China Food and Drug Administration has urged Zhejiang Shapuaisi Pharmaceutical to start testing the clinical effectiveness of its controversial eye drops and submit results to the authority in three years, thepaper.cn reported on Wednesday.
DXY.COM, a popular medical advice website, recently posted an article via its official micro blog saying many patients did not seek proper treatment because of company’s adverts claiming its eye drops could prevent and cure cataracts.
In a notice published on its official website on Wednesday, the CFDA asked the Food and Drug Administration of Zhejiang province to ask the company to carry out tests on its bendazac lysine eye drop product named Shapuaisi.
The notice requires an evaluation report on Shapuaisi to be submitted to the center for drug evaluation in three years.
The notice also said that the advertisement of the product should be in strict accordance with the drug’s content. Exaggerations that may mislead consumers are not allowed.

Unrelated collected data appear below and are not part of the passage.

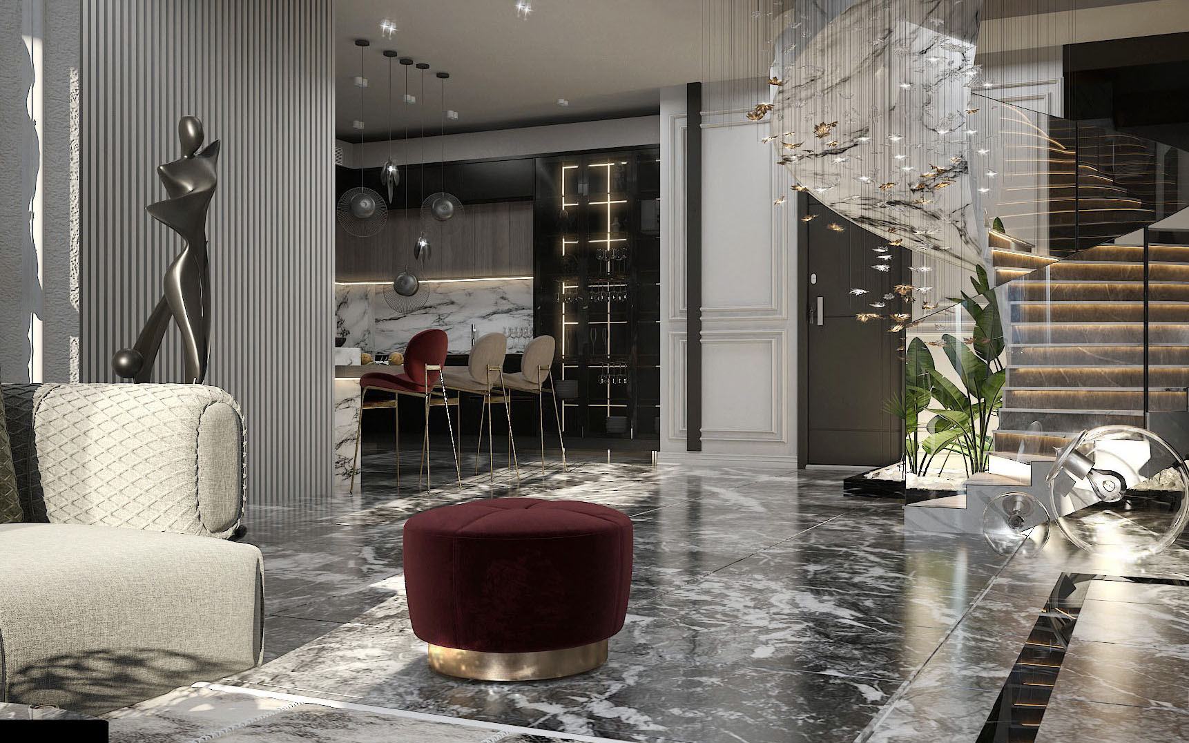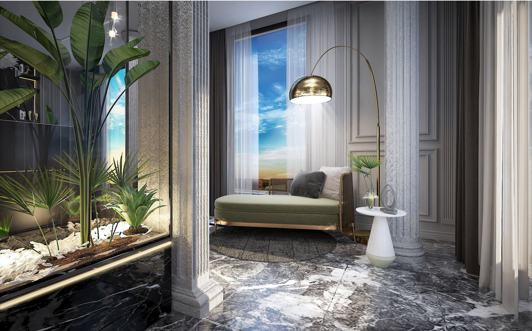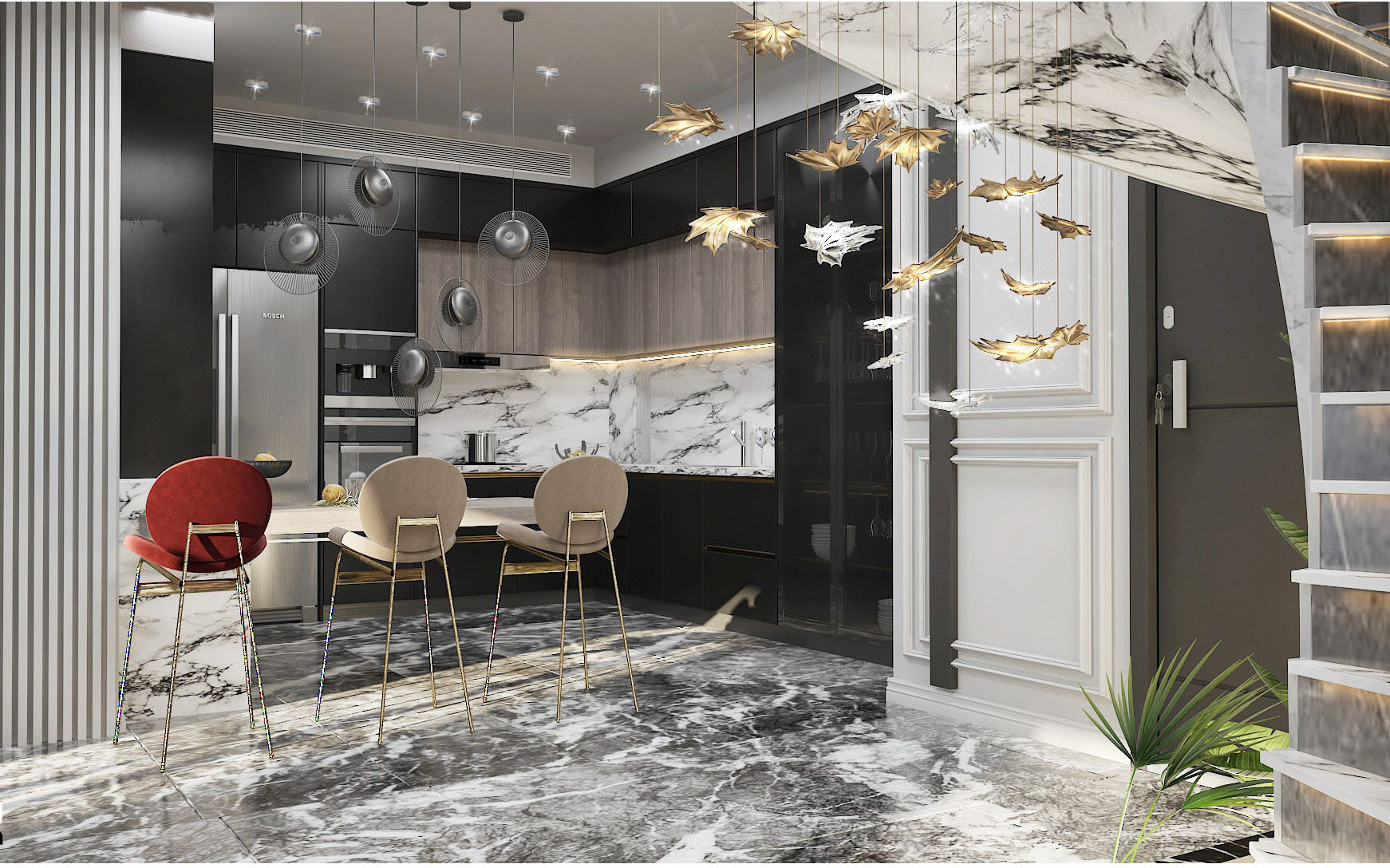 160 meter- The luxurious apartment was renovated in an neo-classic style. Landscaping, American kitchen modeling, ceiling repairs, wooden door polishing, toilet renovation, interior and exterior paintings, fencing, and flooring were all expertly renovated.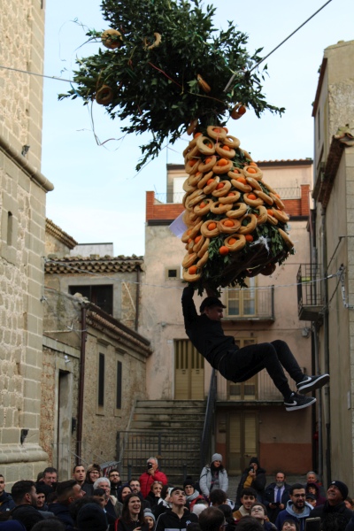 Nel pomeriggio del 17 gennaio, con il caratteristico rullo di tamburi, ‘u “Circu” viene prelevato dalla chiesa e viene issato con delle funi al centro della piazza; collocato sul posto, alcuni esponenti della Confraternita dal campanile della chiesa e dai balconi delle abitazioni che sia affacciano sulla piazza lanciano alla folla presente dei fazzoletti contenenti delle caramelle.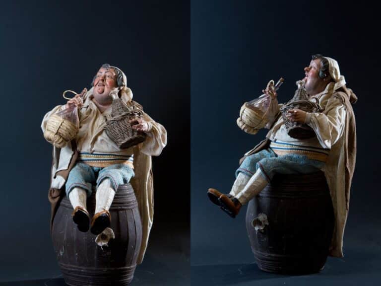 Nel panorama del presepe, spicca un personaggio dalla corporatura imponente e le guance arrossate, che di solito compare di fronte alla cantina con una bottiglia in mano o è ritratto seduto su una carretta carica di barili di vino, circondato da un seguito di uomini vestiti con pelli di capra, i quali, con zampogne e pifferi, scandiscono ritmi orgiastici che evocano l’essenza dionisiaca. Talvolta viene rappresentato semplicemente seduto su questi barili, intento a bere. La disposizione delle due grotte nel presepe non è casuale, ma simboleggia la stretta connessione tra il sacro e il profano, e la sottile linea che li divide, rappresentando l’eterna lotta tra il bene e il male. Questa tendenza a mescolare queste due realtà opposte emerse alla fine del XVII secolo, con l’intento di rappresentare la venuta di Gesù proprio nella vita quotidiana dei poveri e degli emarginati. Si scelse quindi di raffigurare pastori dall’aspetto umile, impoverito, spesso ubriachi, insomma tutti coloro che facevano parte del tessuto sociale dell’epoca. È per questo motivo che il personaggio in questione trova la sua collocazione all’interno della narrazione presepiale.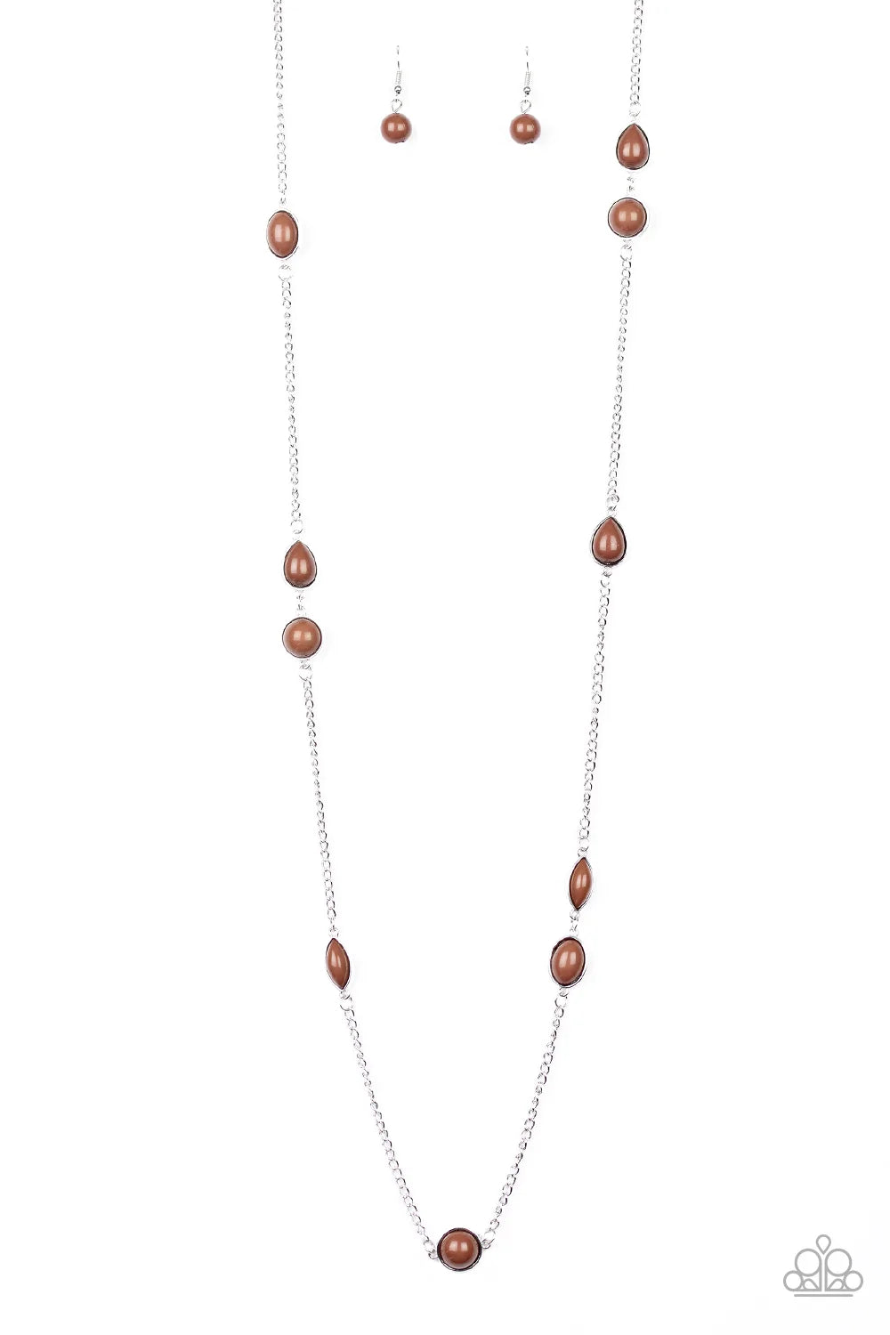 Featuring round and teardrop shapes, brown beading trickles along an elongated silver chain for a seasonal look. Features an adjustable clasp closure.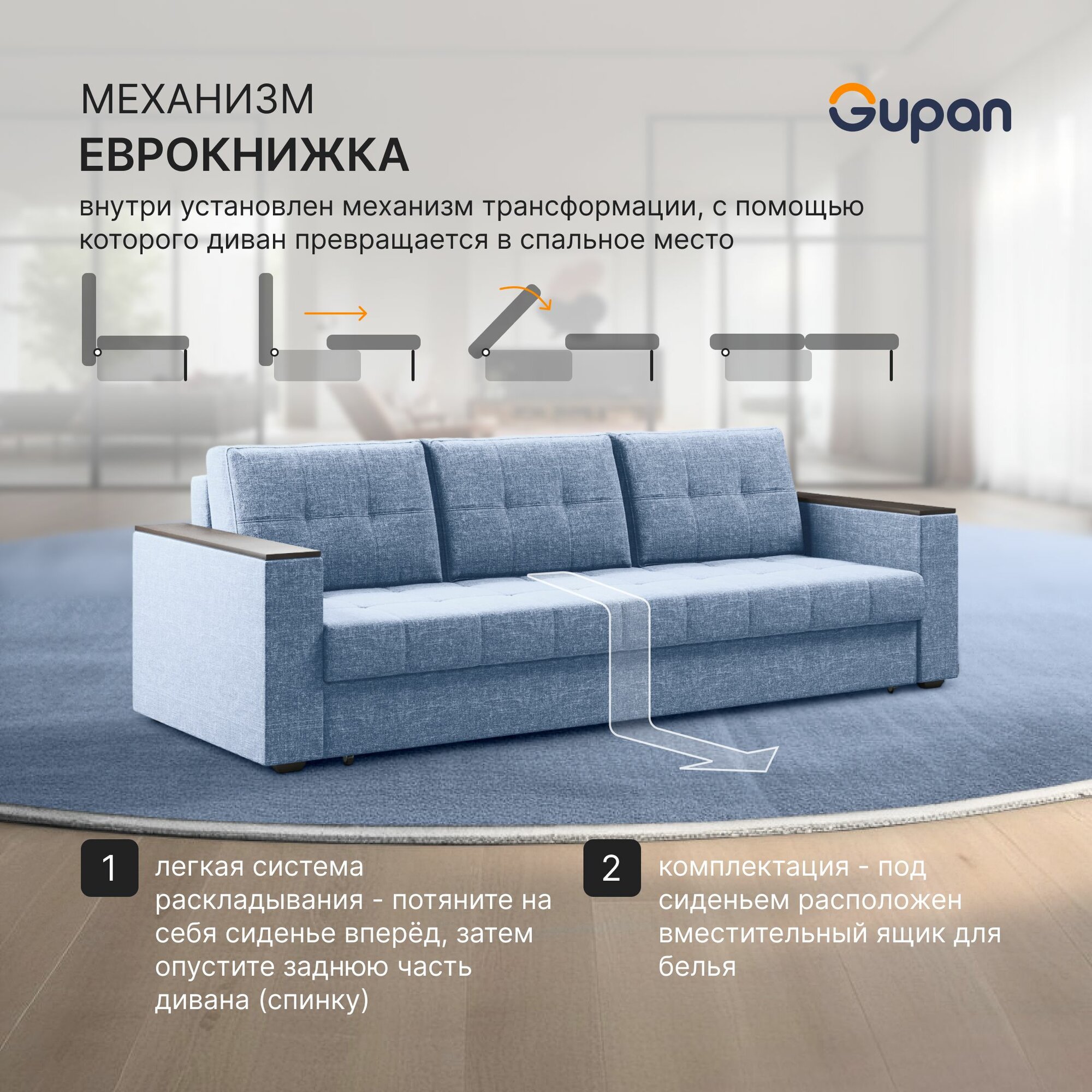 СохранитьДиван кровать Gupan Атланта Классик Люкс, Рогожка Savana Blue, раскладной, механизм еврокнижка, беспружинный, с ящиком для белья интересное: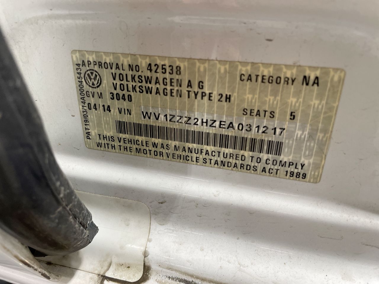 • VIN: WV1ZZZ2HZEA031217

"Currently there is no medicine that can effectively prevent or cure cataract," Cui Hongping, director of ophthalmology of the East Hospital affiliated to Shanghai Tongji University, told thepaper.cn. He said all eye drops and oral medicine available in the market, including Shapuaisi, are not effective to treat cataract.
Cui is one of the domestic experts that first questioned the effectiveness of Shapuaisi. In 2013 he published an article on social media criticizing the exaggeration and misguidance of Shapuaisi.
"Some cataract patients I know have kept using Shapuaisi for about two or three years, and their crystalline lenses are getting worse, from slightly opacious, to medium, and to serious. They came for surgery only after a minor disease became a serious one," said Cui.
He also said that operation is the only way to treat cataract.